- Outfielder
- Born: May 20, 1923 Havana, Cuba
- Died: March 21, 2017 (aged 93) Tamarac, Florida, U.S.
- Batted: RightThrew: Right

MLB debut
- April 18, 1945, for the Washington Senators

Last MLB appearance
- September 16, 1945, for the Washington Senators

MLB statistics
- Batting average: .290
- Home runs: 0
- Runs batted in: 13
- Stats at Baseball Reference

Teams
- Washington Senators (1945);

= José Zardón =

Cuban baseball player (1923-2017)

José Antonio Zardón Sánchez (May 20, 1923 - March 21, 2017) was a Cuban professional baseball outfielder. Born in Havana, Cuba, he played one season in Major League Baseball for the Washington Senators in 1945. The 22-year-old rookie stood 6'0" and weighed 150 pounds.

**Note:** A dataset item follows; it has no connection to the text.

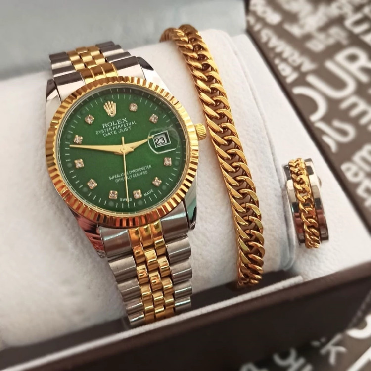 ست ساعت مردانه رولکس طلایی صفحه سبز با دستبند و انگشتر

Zardón is one of many ballplayers who only appeared in the major leagues during World War II. He made his major league debut on April 18, 1945, in a road game against the Philadelphia Athletics at Shibe Park. His season, and career, totals include 54 games played, a .290 batting average (38-for-131), 13 runs batted in, 13 runs scored, and a .374 slugging percentage. In his 43 outfield appearances he handled 106 of 109 chances successfully, and his .972 fielding percentage was just a shade below the league average.

Zardón was a member of the 1947 Havana Cubans, considered one of the top teams in minor league history. He died March 21, 2017, in Tamarac, Florida.